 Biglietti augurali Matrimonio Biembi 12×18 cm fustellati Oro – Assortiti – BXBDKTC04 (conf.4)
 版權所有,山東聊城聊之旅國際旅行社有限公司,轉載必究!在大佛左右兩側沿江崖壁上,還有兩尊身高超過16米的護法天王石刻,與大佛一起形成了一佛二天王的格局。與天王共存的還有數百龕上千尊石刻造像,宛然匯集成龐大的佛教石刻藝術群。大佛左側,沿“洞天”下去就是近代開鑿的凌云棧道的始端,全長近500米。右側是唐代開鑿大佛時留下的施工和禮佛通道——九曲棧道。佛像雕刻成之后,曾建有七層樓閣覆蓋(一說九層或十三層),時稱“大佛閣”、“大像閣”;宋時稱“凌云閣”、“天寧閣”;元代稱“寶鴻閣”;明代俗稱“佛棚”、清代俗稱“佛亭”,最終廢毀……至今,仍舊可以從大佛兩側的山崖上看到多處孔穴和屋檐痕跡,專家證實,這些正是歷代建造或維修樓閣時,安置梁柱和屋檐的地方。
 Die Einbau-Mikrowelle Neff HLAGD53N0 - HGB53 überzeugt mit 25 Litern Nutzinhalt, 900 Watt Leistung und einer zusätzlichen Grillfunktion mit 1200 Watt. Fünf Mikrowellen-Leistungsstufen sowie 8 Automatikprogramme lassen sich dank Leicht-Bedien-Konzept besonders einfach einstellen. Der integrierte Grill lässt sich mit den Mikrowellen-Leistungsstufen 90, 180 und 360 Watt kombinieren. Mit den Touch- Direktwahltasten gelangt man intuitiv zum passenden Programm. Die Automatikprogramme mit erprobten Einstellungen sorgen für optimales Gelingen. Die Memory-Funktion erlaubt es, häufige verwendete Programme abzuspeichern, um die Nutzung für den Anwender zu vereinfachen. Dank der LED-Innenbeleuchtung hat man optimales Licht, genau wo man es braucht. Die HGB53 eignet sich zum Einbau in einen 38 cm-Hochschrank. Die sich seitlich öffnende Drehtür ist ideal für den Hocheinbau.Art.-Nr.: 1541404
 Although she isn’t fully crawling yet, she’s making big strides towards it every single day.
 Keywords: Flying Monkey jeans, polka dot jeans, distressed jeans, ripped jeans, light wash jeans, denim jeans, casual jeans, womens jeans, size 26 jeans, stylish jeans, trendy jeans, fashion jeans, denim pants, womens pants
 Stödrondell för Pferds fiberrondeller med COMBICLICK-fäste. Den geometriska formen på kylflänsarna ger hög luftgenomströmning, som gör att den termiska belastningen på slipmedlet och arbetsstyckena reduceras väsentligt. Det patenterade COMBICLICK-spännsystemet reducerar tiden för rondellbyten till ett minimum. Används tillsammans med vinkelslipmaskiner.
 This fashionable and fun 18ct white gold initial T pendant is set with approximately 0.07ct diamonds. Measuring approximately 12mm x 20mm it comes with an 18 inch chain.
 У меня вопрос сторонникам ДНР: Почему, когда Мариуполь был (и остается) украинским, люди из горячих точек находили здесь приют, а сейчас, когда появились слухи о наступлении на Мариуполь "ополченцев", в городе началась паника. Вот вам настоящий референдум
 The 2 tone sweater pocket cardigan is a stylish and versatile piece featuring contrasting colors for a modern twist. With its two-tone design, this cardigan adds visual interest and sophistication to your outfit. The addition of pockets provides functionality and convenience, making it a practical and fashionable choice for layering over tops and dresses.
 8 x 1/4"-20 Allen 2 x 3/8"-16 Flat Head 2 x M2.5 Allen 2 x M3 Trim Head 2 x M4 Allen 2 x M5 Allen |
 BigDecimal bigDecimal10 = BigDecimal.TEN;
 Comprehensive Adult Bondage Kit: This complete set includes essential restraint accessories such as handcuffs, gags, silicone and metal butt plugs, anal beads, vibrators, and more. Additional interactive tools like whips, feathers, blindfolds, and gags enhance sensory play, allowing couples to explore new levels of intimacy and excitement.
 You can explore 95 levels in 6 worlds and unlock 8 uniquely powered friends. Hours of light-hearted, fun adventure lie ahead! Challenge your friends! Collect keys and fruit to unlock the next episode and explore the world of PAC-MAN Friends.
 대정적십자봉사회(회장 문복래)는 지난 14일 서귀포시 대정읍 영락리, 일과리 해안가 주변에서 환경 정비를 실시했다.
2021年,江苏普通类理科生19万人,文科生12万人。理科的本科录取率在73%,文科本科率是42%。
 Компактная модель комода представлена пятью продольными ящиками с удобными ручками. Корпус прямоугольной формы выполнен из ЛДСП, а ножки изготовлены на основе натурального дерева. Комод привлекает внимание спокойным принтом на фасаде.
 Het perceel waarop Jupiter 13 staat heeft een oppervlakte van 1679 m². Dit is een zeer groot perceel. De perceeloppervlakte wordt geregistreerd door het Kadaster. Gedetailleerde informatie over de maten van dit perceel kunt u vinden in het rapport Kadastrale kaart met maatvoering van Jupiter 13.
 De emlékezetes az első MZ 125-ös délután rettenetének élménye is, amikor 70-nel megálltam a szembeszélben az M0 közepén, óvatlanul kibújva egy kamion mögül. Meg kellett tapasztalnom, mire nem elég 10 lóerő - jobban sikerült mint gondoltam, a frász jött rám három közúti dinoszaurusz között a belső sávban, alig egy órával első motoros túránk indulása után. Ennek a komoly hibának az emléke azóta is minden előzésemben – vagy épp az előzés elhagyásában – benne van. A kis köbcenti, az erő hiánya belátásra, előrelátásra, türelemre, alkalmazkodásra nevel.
==*==
_REQUIRED WORK_.
In the entries above, find the line with "Comprehensive Adult Bondage" and the line with "2021年,江苏普通类理科生", then set down exactly those two and every line between them, nothing else.

_SOLUTION FOR THIS EXERCISE_.
 Comprehensive Adult Bondage Kit: This complete set includes essential restraint accessories such as handcuffs, gags, silicone and metal butt plugs, anal beads, vibrators, and more. Additional interactive tools like whips, feathers, blindfolds, and gags enhance sensory play, allowing couples to explore new levels of intimacy and excitement.
 You can explore 95 levels in 6 worlds and unlock 8 uniquely powered friends. Hours of light-hearted, fun adventure lie ahead! Challenge your friends! Collect keys and fruit to unlock the next episode and explore the world of PAC-MAN Friends.
 대정적십자봉사회(회장 문복래)는 지난 14일 서귀포시 대정읍 영락리, 일과리 해안가 주변에서 환경 정비를 실시했다.
2021年,江苏普通类理科生19万人,文科生12万人。理科的本科录取率在73%,文科本科率是42%。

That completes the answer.